What is needed
Write every entry out again with no changes, and leave the images behind.

Data extract
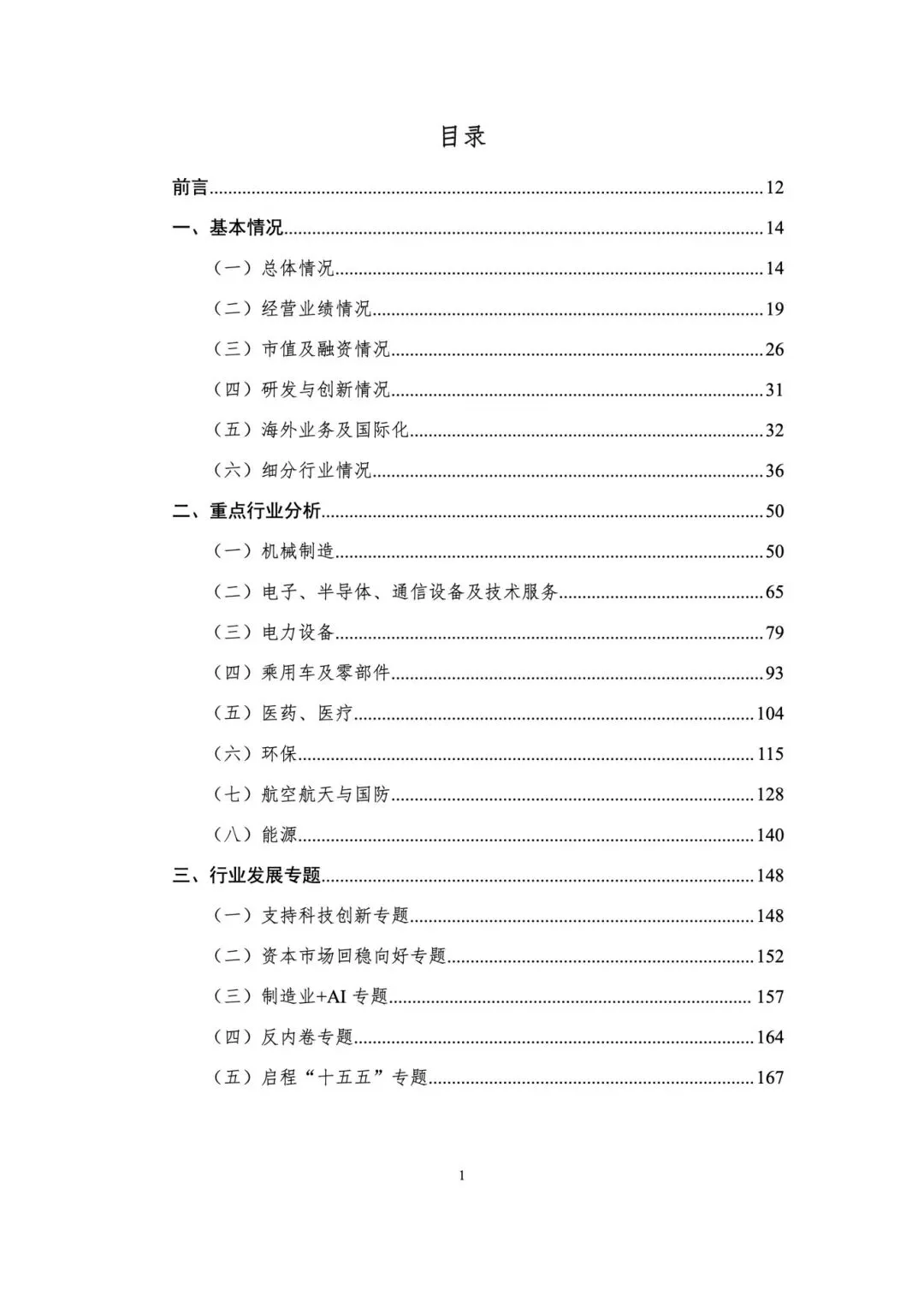 该报告由中国上市公司协会发布,基于 2024 年 A 股高端制造业上市公司数据,系统分析行业总体规模、经营业绩、市值融资、研发创新、海外业务及细分行业发展现状,重点聚焦机械制造、电子半导体、电力设备、乘用车及零部件等八大核心领域,探讨新质生产力引领下行业高端化、智能化、绿色化转型路径,为政策制定者、产业界、投资界提供全面的行业洞察与决策参考。
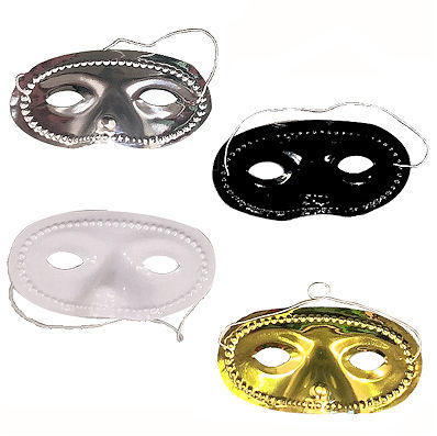 Metallic Plastic Domino Half Mask are economically priced masks for large scale Halloween party or masquerade events. Disguise your face using these gold and silver metallic plastic masks. Molded to fit your face for extra comfort. Masquerade or costume parties are a great way to entertain. Make sure all your guests can participate in the fun by giving a way a mask as a party favor. Party guests love to be in disguise. Stock up on eye and half masks to make your night a success! Each mask includes an elastic cord to hold mask tightly to the head.
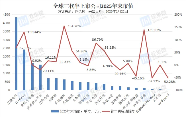 1.全球三代半上市公司市值分化与价值评估:美日仍是主导,中国力量重塑梯队
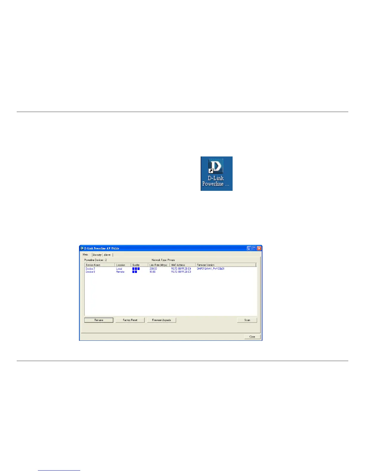 After you have completed the D-Link PowerLine AV Utility installation wizard, double-click the D-Link PowerLine AV Utility icon on your desktop to
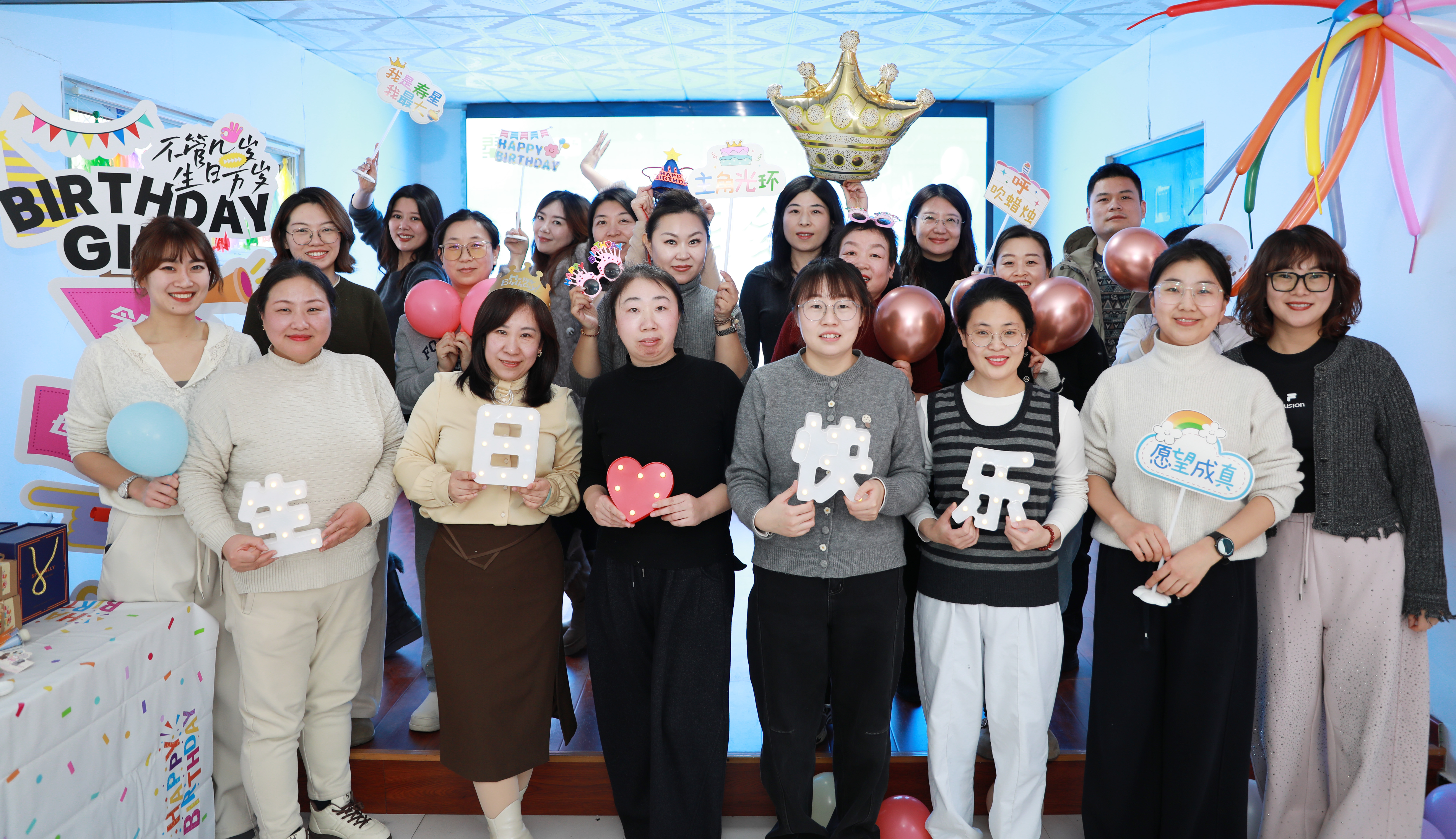 最后,参加活动的全体人员手持祝福手牌、挥舞气球合影留念,定格下这温馨美好的瞬间。这场简短而真挚的生日会,不仅是一次生辰庆典,更是一次情感的凝聚。未来,这份温暖将化作前行的动力,让三院人在守护健康的道路上,始终被爱与温情相伴,携手共赴新程。
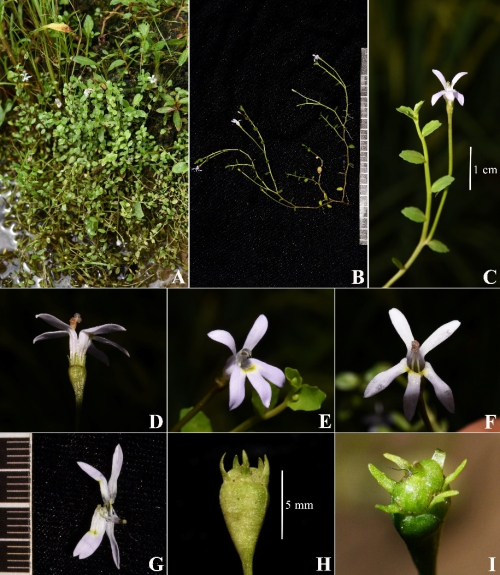 近期,中国科学院武汉植物园考察人员在广西临桂县的一次水生植物类群采样过程中,发现一种花冠结构特殊的半边莲属植物,并在邻近区域又发现了该半边莲的另一居群。在压制足够的标本,考察人员又将部分活体植株栽培于武汉植物园温室,留待后续观察实验。在研究员王青锋、胡光万的指导下,博士研究生李治中、魏能对该类群开展系统分类学研究。该半边莲属植物的形态特征明显区别于其他物种,运用叶绿体基因和核基因分子标记(atpB、rbcL和ITS),构建的该半边莲属植物与近缘类群的系统发育关系,也能明显将其区分开来。基于此,研究人员确定其为半边莲属中从未记载过的新类群,以“hongiana”作为该新种的种加词,中文译名为“洪氏半边莲”,以纪念中科院院士、植物学家洪德元对桔梗科分类学研究的突出贡献。
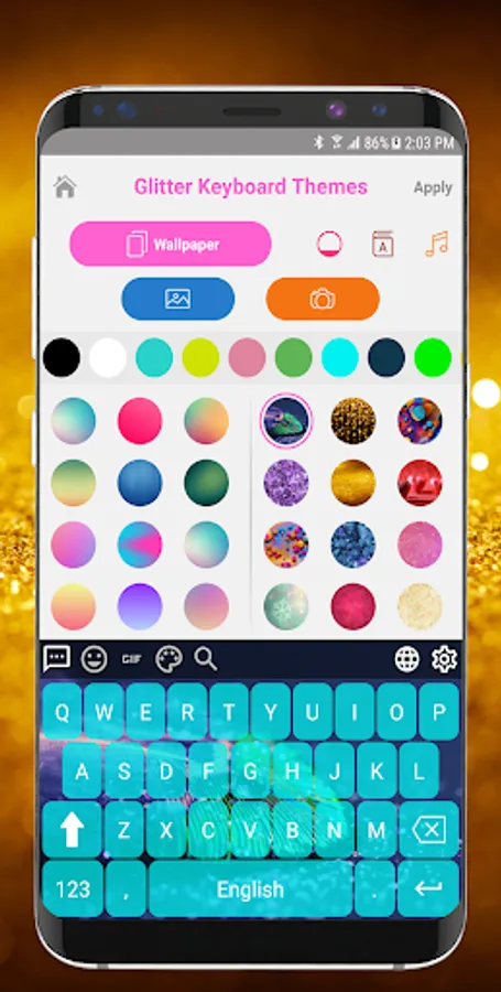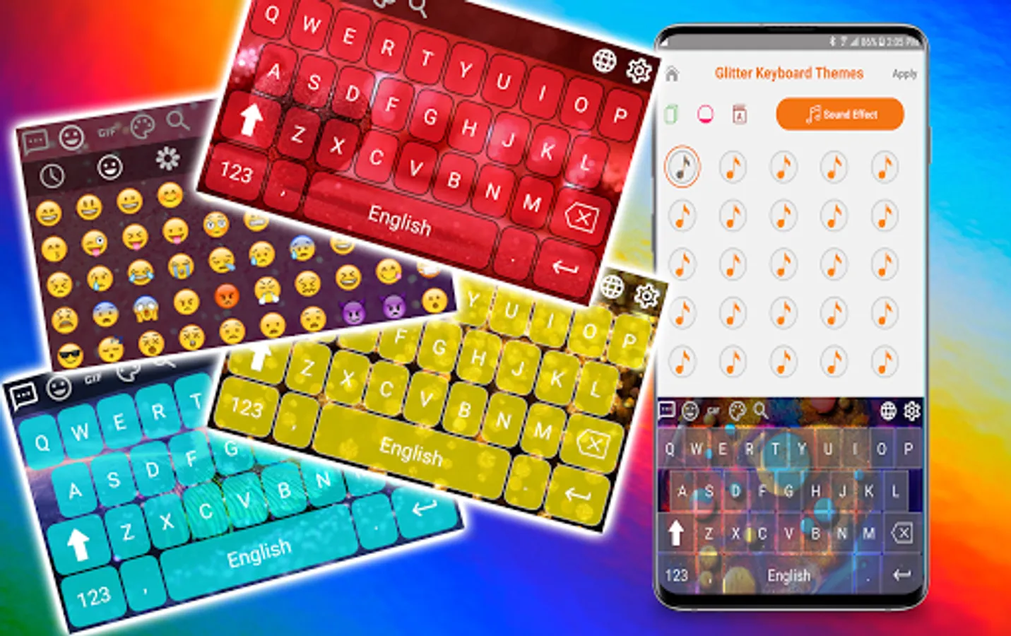This ‘Glitter keyboard themes’ has been tested on devices such as Samsung Galaxy S10 S6/S7/S8/S9, Samsung Galaxy Tab3, Samsung Galaxy Note 8, Nexus 5/7,HTC One and Sony Xperia Z.
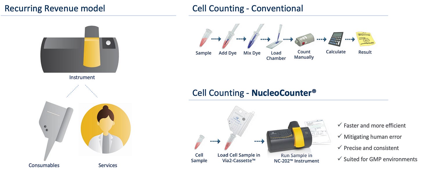 The "Machine": ChemoMetec develops and sells a range of proprietary, automated cell counters. Their flagship products have been the NucleoCounter® series, like the workhorse NC-202™, and they are now rolling out the next-generation XcytoMatic® platform for higher-throughput applications (albeit facing tough competition in this segment). These instruments are the "Nespresso machines". They are sophisticated, reliable, easy to use, and represent the initial sale to a customer.
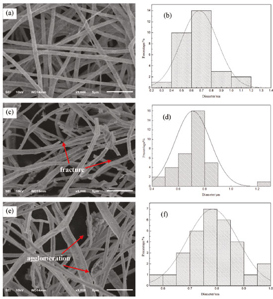![]() Figure 7. SEM images and diameter distribution histograms of Pt-Pd / CeO2-ZrO2-La2O3-Al2O3 fibrous catalysts ((a) 0.35%PtCl4, (c) 0.50%PtCl4, (e) 0.65%PtCl4)
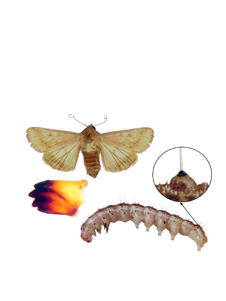 a) El adulto es una palomilla de color amarillo pajizo con una mancha oscura casi
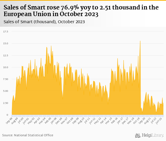 Sales of Smart rose 76.9% yoy to 2.51 thousand in the European Union in October 2023, according to company data. This is 43.4% more than in the previous month.

Solution
 该报告由中国上市公司协会发布,基于 2024 年 A 股高端制造业上市公司数据,系统分析行业总体规模、经营业绩、市值融资、研发创新、海外业务及细分行业发展现状,重点聚焦机械制造、电子半导体、电力设备、乘用车及零部件等八大核心领域,探讨新质生产力引领下行业高端化、智能化、绿色化转型路径,为政策制定者、产业界、投资界提供全面的行业洞察与决策参考。
 Metallic Plastic Domino Half Mask are economically priced masks for large scale Halloween party or masquerade events. Disguise your face using these gold and silver metallic plastic masks. Molded to fit your face for extra comfort. Masquerade or costume parties are a great way to entertain. Make sure all your guests can participate in the fun by giving a way a mask as a party favor. Party guests love to be in disguise. Stock up on eye and half masks to make your night a success! Each mask includes an elastic cord to hold mask tightly to the head.
 1.全球三代半上市公司市值分化与价值评估:美日仍是主导,中国力量重塑梯队
 After you have completed the D-Link PowerLine AV Utility installation wizard, double-click the D-Link PowerLine AV Utility icon on your desktop to
 最后,参加活动的全体人员手持祝福手牌、挥舞气球合影留念,定格下这温馨美好的瞬间。这场简短而真挚的生日会,不仅是一次生辰庆典,更是一次情感的凝聚。未来,这份温暖将化作前行的动力,让三院人在守护健康的道路上,始终被爱与温情相伴,携手共赴新程。
 近期,中国科学院武汉植物园考察人员在广西临桂县的一次水生植物类群采样过程中,发现一种花冠结构特殊的半边莲属植物,并在邻近区域又发现了该半边莲的另一居群。在压制足够的标本,考察人员又将部分活体植株栽培于武汉植物园温室,留待后续观察实验。在研究员王青锋、胡光万的指导下,博士研究生李治中、魏能对该类群开展系统分类学研究。该半边莲属植物的形态特征明显区别于其他物种,运用叶绿体基因和核基因分子标记(atpB、rbcL和ITS),构建的该半边莲属植物与近缘类群的系统发育关系,也能明显将其区分开来。基于此,研究人员确定其为半边莲属中从未记载过的新类群,以“hongiana”作为该新种的种加词,中文译名为“洪氏半边莲”,以纪念中科院院士、植物学家洪德元对桔梗科分类学研究的突出贡献。
This ‘Glitter keyboard themes’ has been tested on devices such as Samsung Galaxy S10 S6/S7/S8/S9, Samsung Galaxy Tab3, Samsung Galaxy Note 8, Nexus 5/7,HTC One and Sony Xperia Z.
 The "Machine": ChemoMetec develops and sells a range of proprietary, automated cell counters. Their flagship products have been the NucleoCounter® series, like the workhorse NC-202™, and they are now rolling out the next-generation XcytoMatic® platform for higher-throughput applications (albeit facing tough competition in this segment). These instruments are the "Nespresso machines". They are sophisticated, reliable, easy to use, and represent the initial sale to a customer.
![]() Figure 7. SEM images and diameter distribution histograms of Pt-Pd / CeO2-ZrO2-La2O3-Al2O3 fibrous catalysts ((a) 0.35%PtCl4, (c) 0.50%PtCl4, (e) 0.65%PtCl4)
 a) El adulto es una palomilla de color amarillo pajizo con una mancha oscura casi
 Sales of Smart rose 76.9% yoy to 2.51 thousand in the European Union in October 2023, according to company data. This is 43.4% more than in the previous month.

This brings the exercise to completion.